Metcash is a strong competitor in Australian Food, Liquor and Hardware. Its market position has improved, and this provides a moment of opportunity for the company to capitalise.
Time to expand. After ten years of losing market share in Food, MTS stabilised its position at 14% in FY22. It is now reducing its pricing to narrow the discount to the majors and opening new stores. Independents are competitive in Australia and can win on range and service and mostly neutralise on price. At MTS’s metro IGA stores, pricing is now within 2% of the majors on identical branded goods. Five years ago, the discount was 5-10%.
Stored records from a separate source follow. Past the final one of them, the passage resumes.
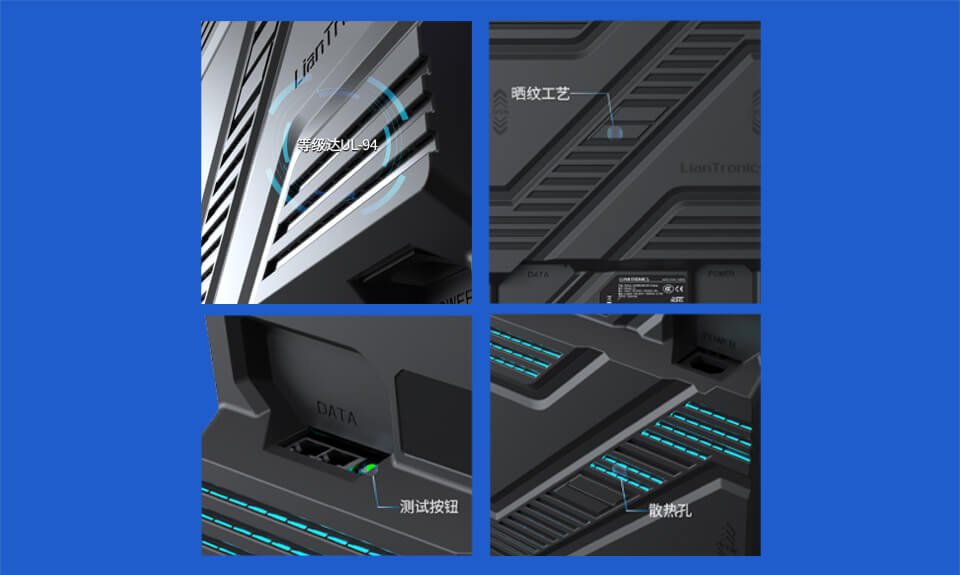 阻燃等级达到UL-94 ,有效防火阻燃;后盖晒纹工艺,质感出众
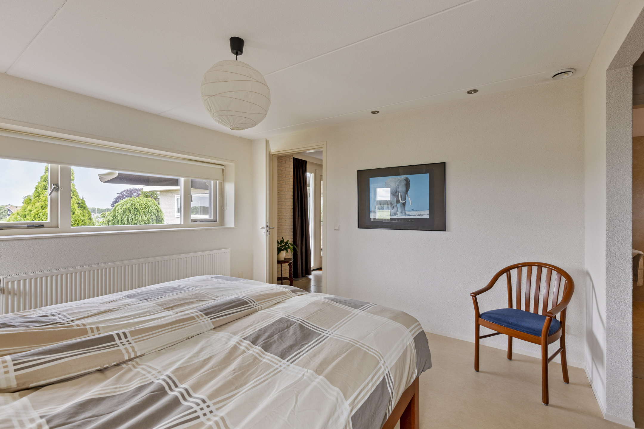 The master bedroom is at the head at the rear and has a beautiful view of the garden and the ash tree. Next to the room a large bathroom, complete with WC, double sinks, a shower with seat and a wonderful whirlpool. For your wardrobe there is a spacious walk-in closet.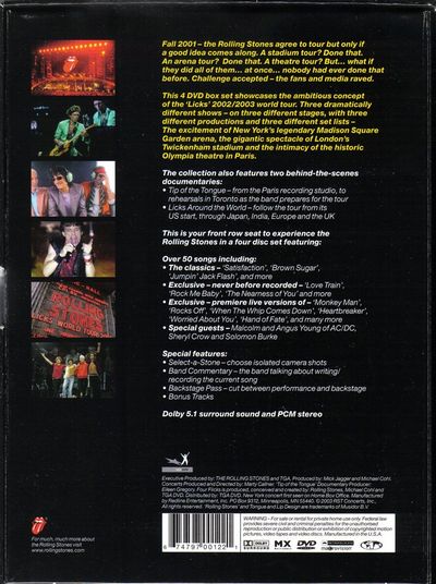 Fall 2003 - The Rolling Stones are playing the final shows of thier "Licks" 2002/03 world tour. The band has been on the road for over a year playing three different show in sold-out stadiums arenas and theaters around the world. Cameras rolled - at the shows, backstage and behind the scenes...and this is your all access pass! |

In addition to new stores and refurbishments (Diamond store format) and improving the private label offering, MTS will upgrade its distribution centres in Victoria and WA.
The company’s eCommerce and loyalty programs are embryonic. Other than a partnership with DoorDash and Uber for quick deliveries, each independent retailer is largely in charge of its own destiny in this regard. There are just 220 stores in the fleet of 1,400 using the company’s eCommerce platform and 420 using rapid delivery aggregators.
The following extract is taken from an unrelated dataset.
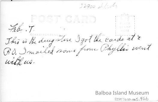 Feb. 7: "This is the drug store I got the cards at & P. O. I mailed some from. Phyllis went with us"Create Date

The Liquor division has enjoyed very strong sales growth in the last two years. It is a clear number two player behind Endeavour Group with 27% market share making it larger than Coles. The division wants to get more retailers onto its IBA banner from the low level of 15% currently. Liquor also has an inadequate eCommerce and loyalty platform and has plans to beef it up. The proportion of owned and exclusive brands will be pushed from 1% currently to 5% of sales over the next two years.
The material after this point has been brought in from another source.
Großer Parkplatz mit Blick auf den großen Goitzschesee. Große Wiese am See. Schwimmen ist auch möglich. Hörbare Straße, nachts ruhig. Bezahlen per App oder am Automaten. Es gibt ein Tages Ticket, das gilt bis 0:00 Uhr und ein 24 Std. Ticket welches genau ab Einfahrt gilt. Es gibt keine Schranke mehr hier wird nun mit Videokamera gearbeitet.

In Hardware, the plan is to attract more ‘whole of house’ spending by lifting the builders’ spend from 36% now to over 50%. Brand positioning and new store openings will also feature for the Mitre 10 brand. MTS is very positive about its Total Tools business where the store count will lift from 100 towards 130 by 2025. The loyalty program here is very strong accounting for 89% of sales across 1.6 million members. MTS aims to have about half of Total Tools stores as corporate or JV stores with the remainder franchised. This acquisition strategy will add most of the divisional $27-32 million capex pa.
Capex climbs. We calculate the aggregate capex over FY23-25f will be $760 million. Acquisitions in Hardware, expanded DCs and other strategic growth plans will materially increase MTS’s capex in the near term. The company has a target range for its leverage of 1.0-1.7x net debt to EBITDA (after depreciation of leases).
Investment View
The trading update for the 23 weeks of the current financial year shows Food sales up 2.6%, Hardware is up 17.1% and Liquor increased 12%.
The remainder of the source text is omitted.